Why the Dow Plunged This Morning

News that several countries in Europe would likely get credit downgrades from Standard & Poor's sent the stock market down sharply this morning, falling triple digits just after it opened. At 10 am ET, the Dow Jones Industrials (INDEX: ^DJI  ) were down 104 points to 12,367, while the S&P 500 (INDEX: ^GSPC  ) fell 11 points to 1,285. Except for DuPont (NYSE: DD  ) , which also rose strongly yesterday on a good day for the chemical industry, all of the Dow's components opened lower.

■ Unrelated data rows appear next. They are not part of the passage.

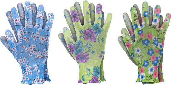 Rękawice dziane powlekane poliuretanem z pieknym kwiecistym wzorem. Polecane szczególnie do pracy w ogrodzie.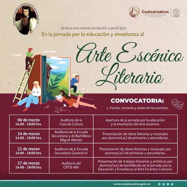 Convocatoria | El Ayuntamiento de Coatzacoalcos invita a participar en la jornada por la educación y la enseñanza al «Arte Escénico Literario». Conoce las fechas, horarios y sedes, así como las bases.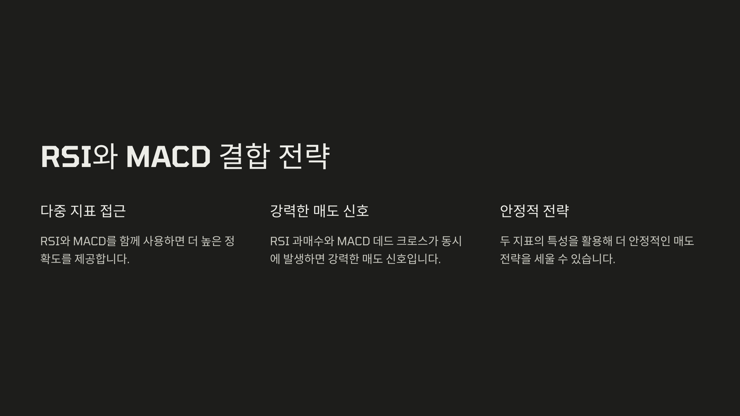 단일 지표만을 사용하는 것보다 RSI와 MACD를 함께 사용하는 것이 더 높은 정확도를 제공합니다. 예를 들어, RSI가 과매수 구간에 진입한 상태에서 MACD 또한 데드 크로스가 발생하면 매우 강력한 매도 신호로 해석될 수 있습니다. 이처럼 두 지표를 결합하여 매도 신호를 확인함으로써 타이밍을 더 효과적으로 판단할 수 있습니다. 이러한 다중 지표 접근법은 오판을 줄이고 매도 타이밍의 정확도를 높이는 데 도움이 됩니다. 각 지표의 특성을 최대한 활용해 더 안정적인 매도 전략을 세울 수 있습니다.
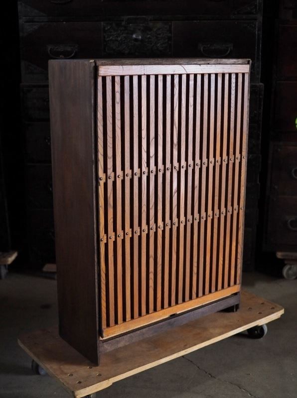 格子リメイクのレトロな飾り棚 昭和前期。裏面に格子建具を貼り付けた和風な棚です。劣化については画像・動画をご確認ください。(◎【注意】① Kサイズ以上の「家財便」は火曜日配送NGです。②離島一部220・Hサイズ以上は配送NGです。)不明点は電話・LINE・メール・Instagramメッセージにてお問い合わせください。誠実にお答えいたします。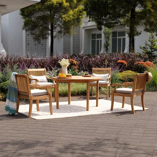 Cambridge Casual Mosko 5-Piece Teak Wood Outdoor Dining Set with Beige Cushion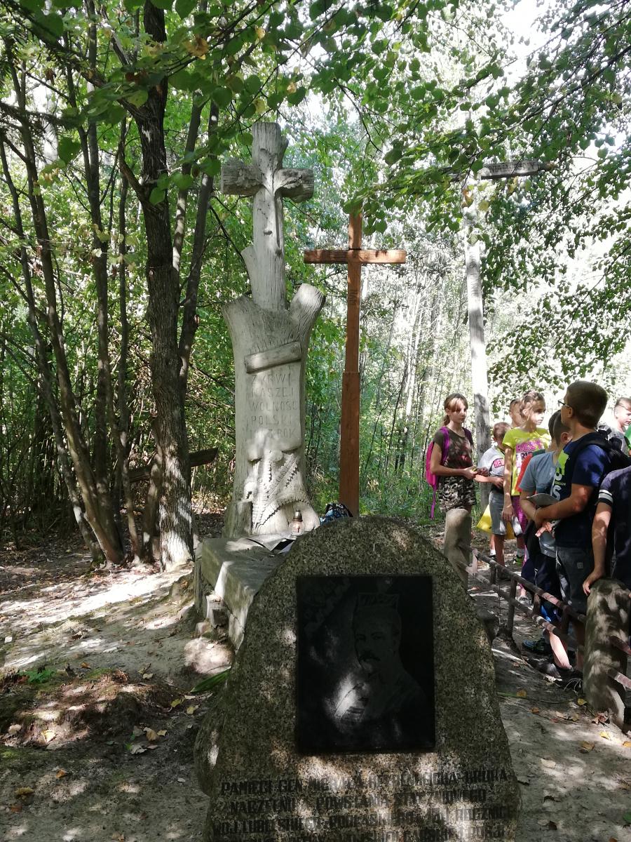 W naszej szkole im. Powstańców Styczniowych w związku z obchodami Dnia Patrona zorganizowano wycieczki na Złotą Górę. W tym roku minęła 155 rocznica bitew Powstania Styczniowego pod Chruśliną. Uczniowie klasy VII i VIII wraz z opiekunkami p. E. Kępowicz i p. A. Kalinowską odwiedzili miejsce pamięci 11 września 2018 roku. Młodzież chętnie i sprawnie uprzątnęła pomnik i jego otoczenie. Uczniowie zapalili znicze i po krótkiej prelekcji, wszyscy odmówili modlitwę za bohaterów Powstania Styczniowego. W czwartek 13 września, hołd Naszemu Patronowi oddali uczniowie klas od 0 do VI z opiekunkami – p. J. Mróz, p. Katarzyną Piłat, p. A. Kalinowską, p. A. Mazur i p. M. Nowak.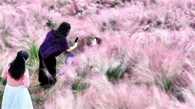 近日,郧西县天河口湿地公园的粉黛乱子草正处于盛花期,游客在花海中感受秋日浪漫。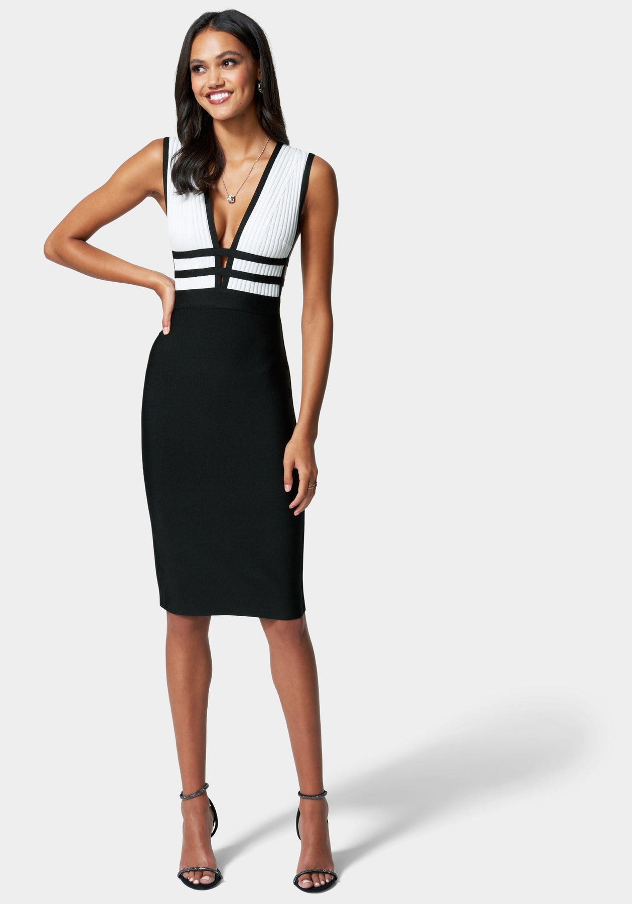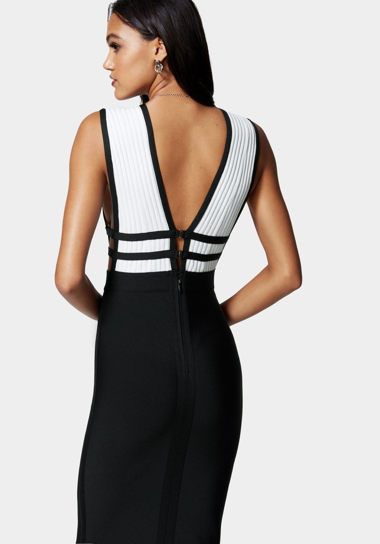 Top to bottom sexy. This sleek midi dress comes in a stretchy bandage design that makes every curve look perfect. Has deep front and back V-necks.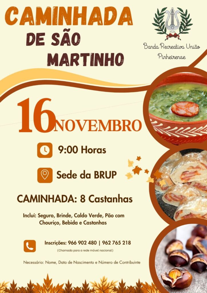 16 de novembro – Caminhada São Martinho BRUP – A Banda Recreativa União Pinheirense (BRUP) organiza a tradicional Caminhada de São Martinho, convidando a comunidade a participar num percurso que promete conjugar exercício, convívio e as iguarias típicas da época, pelas 9h, na sede do grupo.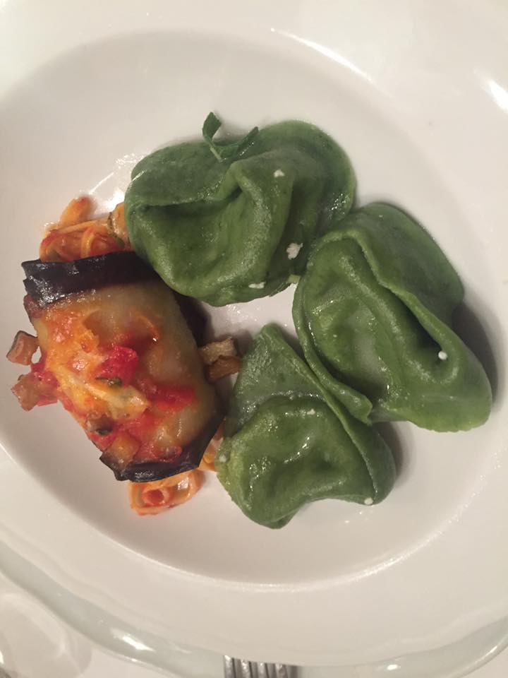 Involtino di Melanzana grigliata con tagliatelle e tortelloni verdi con patate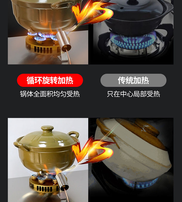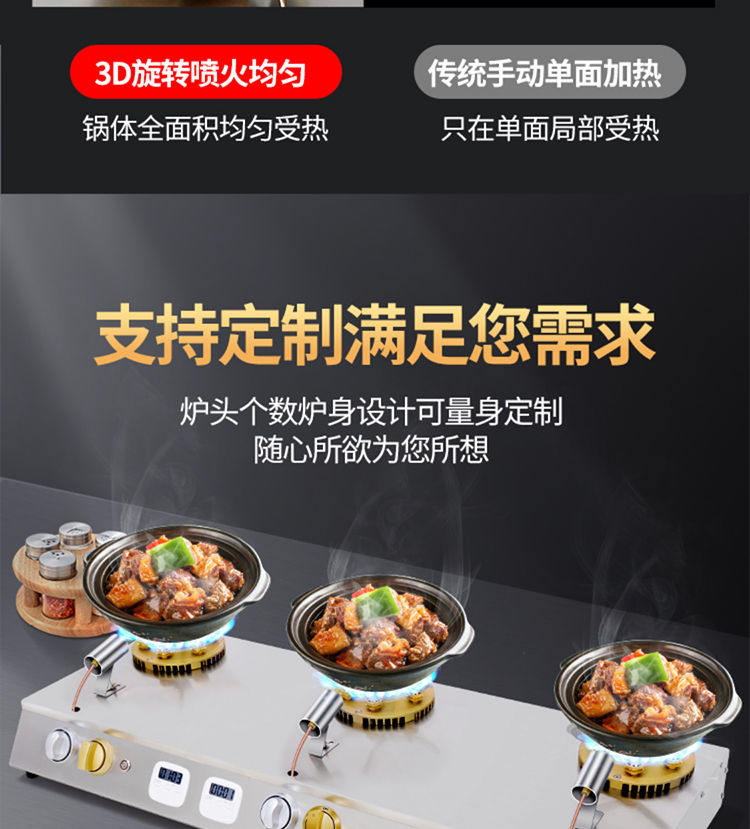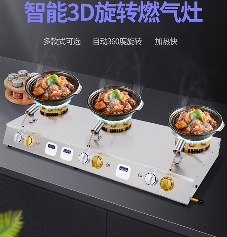 智能煲仔-爐商用四頭六眼旋轉韓式猛火灶-砂鍋灶燃氣灶,

JPMorgan Chase (NYSE: JPM  ) fell more than 3% after announcing that its fourth-quarter profit dropped by 23%. Those numbers were roughly in line with estimates, as the rocky business environment stifled merger and acquisition activity and hurt trading. But, despite continuing concerns about Europe, CEO Jamie Dimon cited improving loan demand in the U.S. along with higher credit quality.

JPMorgan's news hurt Bank of America (NYSE: BAC  ) , but B of A also fell sharply on reports that the bank is considering exiting certain U.S. regional markets if its financial condition continues to deteriorate. The move, which would reportedly involve selling branches, suggests that B of A's financial woes may be deeper than many had hoped -- especially after the stock's huge run so far in 2012.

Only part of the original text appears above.